La solicitud se presenta con patrocinio de abogado ante el Juzgado de Familia competente. El tribunal revisa la petición, la prueba del cese de convivencia y el acuerdo completo y suficiente. Según los antecedentes y la forma de tramitación aplicable, puede citar a audiencia o requerir aclaraciones y documentos adicionales antes de dictar sentencia.
La sentencia que acoge el divorcio debe quedar firme y luego subinscribirse al margen de la inscripción matrimonial en el Registro Civil. Solo entonces el cambio de estado civil produce plenamente sus efectos frente a terceros. La duración concreta depende de la carga del tribunal, de la corrección de los antecedentes y de que no aparezcan discrepancias.
Documentos que conviene reunir
Habitualmente se revisan el certificado de matrimonio, los certificados de nacimiento de los hijos, los instrumentos que acreditan el cese de convivencia y los antecedentes de acuerdos o causas familiares anteriores. También pueden ser necesarios documentos sobre ingresos, gastos, bienes, deudas y la organización cotidiana de los hijos.

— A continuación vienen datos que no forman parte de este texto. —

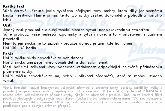 Vůně čerstvě uříznuté jedle vyvážená hřejivými tóny ambry, která díky jedinečnému knotu Heartwick Flame přináší tento typ svíčky zážitek dokonalého pohodlí u hořícího krbu.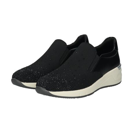 日常に上品なきらめきを添えてくれるスリッポンスニーカー。アッパーにラインストーンをあしらい、華美になりすぎず落ち着いた華やかさを演出します。本底はさりげないヒールアップ設計で自然な脚長効果が期待できるのも嬉しいポイント。スリッポン仕様のため脱ぎ履きしやすく、忙しい毎日でもストレスなくお使いいただけます。クッション性のよいカップインソールが足への負担を軽減し、歩行を快適にサポート。アッパーと中底を袋状に縫い合わせる袋縫い製法を採用、足を優しく包み込み、足の動きにしなやかに寄り添う屈曲性が魅力の普段使いからお出かけまで幅広く活躍する1足です。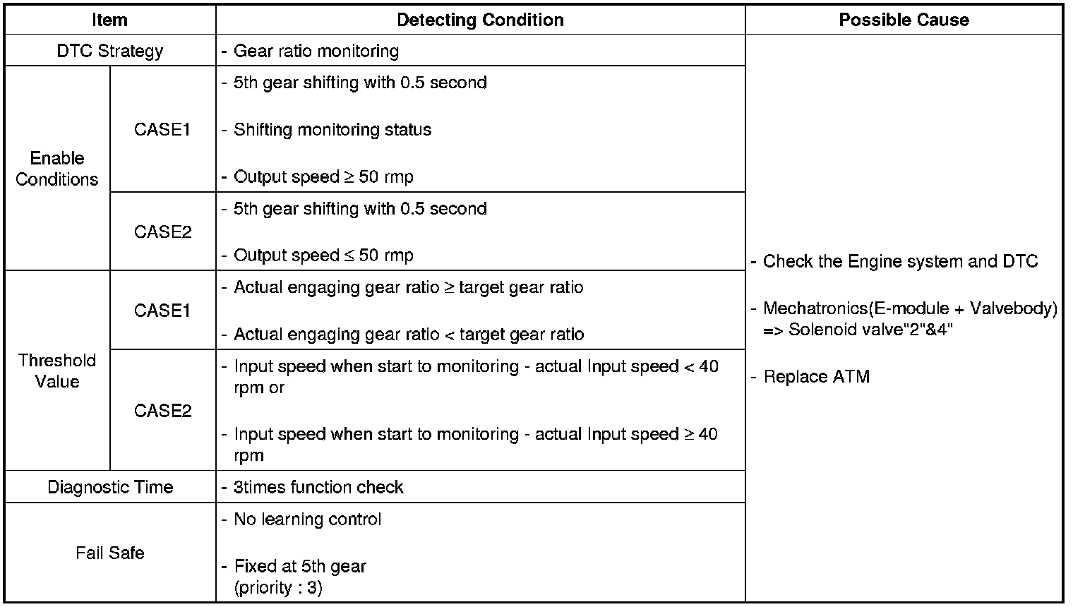 TCM set this code if the value of input speed (turbine speed) is not equal to the value of the output speed, when multiplied by the 5th gear ratio, while the transaxle is engaged in 5th gear. If this code outputted, Check the Engine system first and then follow this procedure. (MIL ON : 2 driving Cycle)

La lista final varía según el caso. Reunir documentos no reemplaza el análisis: es necesario verificar que las fechas sean coherentes, que el convenio cubra todas las materias aplicables y que sus obligaciones puedan cumplirse y exigirse.
¿Qué ocurre si no hay acuerdo total?
Si ambos quieren divorciarse, pero discrepan sobre alimentos, hijos, bienes o compensación económica, todavía no existe el acuerdo completo que exige esta vía. Puede ser útil negociar o utilizar la mediación cuando corresponda. Si el consenso no se alcanza y se cumplen sus requisitos, deberá evaluarse una acción diferente, como el divorcio unilateral.
La elección no debe basarse solo en cuál trámite parece más rápido. Un acuerdo claro, lícito y sostenible puede reducir conflictos futuros; uno incompleto puede trasladarlos a nuevas causas. Una revisión jurídica previa permite identificar vacíos, ordenar la prueba del cese y presentar una solicitud coherente.
Escrito por Abogado Gustavo Rivera V.